ACTIVITY :: Using the records below, repeat exactly the lines from the one holding "rd_binscatter.RdProduces a publication-ready" through the one holding "座談會(huì)后,在公司領", both ends included, and no others.

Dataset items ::
◆ ◆ ◆ ◆ ◆
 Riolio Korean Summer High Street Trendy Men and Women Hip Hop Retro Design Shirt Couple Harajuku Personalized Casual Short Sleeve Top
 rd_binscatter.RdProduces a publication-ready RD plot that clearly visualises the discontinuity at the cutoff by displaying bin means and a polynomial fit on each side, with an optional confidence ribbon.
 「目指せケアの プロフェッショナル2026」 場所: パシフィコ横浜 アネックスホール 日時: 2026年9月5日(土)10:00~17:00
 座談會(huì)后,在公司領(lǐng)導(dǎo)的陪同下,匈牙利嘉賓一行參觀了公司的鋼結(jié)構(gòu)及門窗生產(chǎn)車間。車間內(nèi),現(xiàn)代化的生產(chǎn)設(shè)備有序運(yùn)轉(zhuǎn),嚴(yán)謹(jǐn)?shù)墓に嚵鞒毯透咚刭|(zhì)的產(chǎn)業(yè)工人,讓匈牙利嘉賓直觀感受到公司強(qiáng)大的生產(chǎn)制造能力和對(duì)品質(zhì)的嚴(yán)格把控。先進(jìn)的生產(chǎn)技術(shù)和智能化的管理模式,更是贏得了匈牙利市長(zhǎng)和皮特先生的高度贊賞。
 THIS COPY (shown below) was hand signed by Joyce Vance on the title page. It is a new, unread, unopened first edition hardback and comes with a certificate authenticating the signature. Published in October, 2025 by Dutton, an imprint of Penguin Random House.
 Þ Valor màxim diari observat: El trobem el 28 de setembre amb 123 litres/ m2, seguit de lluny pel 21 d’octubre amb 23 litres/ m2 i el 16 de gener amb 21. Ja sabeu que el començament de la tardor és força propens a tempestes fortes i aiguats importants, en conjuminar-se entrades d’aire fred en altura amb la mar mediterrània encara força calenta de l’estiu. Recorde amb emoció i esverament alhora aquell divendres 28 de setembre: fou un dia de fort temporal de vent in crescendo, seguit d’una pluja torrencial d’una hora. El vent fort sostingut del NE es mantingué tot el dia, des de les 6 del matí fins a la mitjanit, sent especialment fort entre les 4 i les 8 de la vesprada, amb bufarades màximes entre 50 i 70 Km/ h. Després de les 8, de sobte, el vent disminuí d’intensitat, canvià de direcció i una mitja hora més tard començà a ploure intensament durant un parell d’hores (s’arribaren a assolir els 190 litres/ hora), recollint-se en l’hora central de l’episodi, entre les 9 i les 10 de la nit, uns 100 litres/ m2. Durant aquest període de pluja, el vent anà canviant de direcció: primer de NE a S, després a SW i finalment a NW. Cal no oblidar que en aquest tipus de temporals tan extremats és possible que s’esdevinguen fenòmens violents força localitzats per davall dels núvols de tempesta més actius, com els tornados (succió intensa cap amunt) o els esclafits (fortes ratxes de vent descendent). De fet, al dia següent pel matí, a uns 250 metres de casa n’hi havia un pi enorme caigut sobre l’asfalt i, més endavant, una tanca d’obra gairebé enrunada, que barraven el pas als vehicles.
◆ ◆ ◆ ◆ ◆
TASK RESULT ::
 rd_binscatter.RdProduces a publication-ready RD plot that clearly visualises the discontinuity at the cutoff by displaying bin means and a polynomial fit on each side, with an optional confidence ribbon.
 「目指せケアの プロフェッショナル2026」 場所: パシフィコ横浜 アネックスホール 日時: 2026年9月5日(土)10:00~17:00
 座談會(huì)后,在公司領(lǐng)導(dǎo)的陪同下,匈牙利嘉賓一行參觀了公司的鋼結(jié)構(gòu)及門窗生產(chǎn)車間。車間內(nèi),現(xiàn)代化的生產(chǎn)設(shè)備有序運(yùn)轉(zhuǎn),嚴(yán)謹(jǐn)?shù)墓に嚵鞒毯透咚刭|(zhì)的產(chǎn)業(yè)工人,讓匈牙利嘉賓直觀感受到公司強(qiáng)大的生產(chǎn)制造能力和對(duì)品質(zhì)的嚴(yán)格把控。先進(jìn)的生產(chǎn)技術(shù)和智能化的管理模式,更是贏得了匈牙利市長(zhǎng)和皮特先生的高度贊賞。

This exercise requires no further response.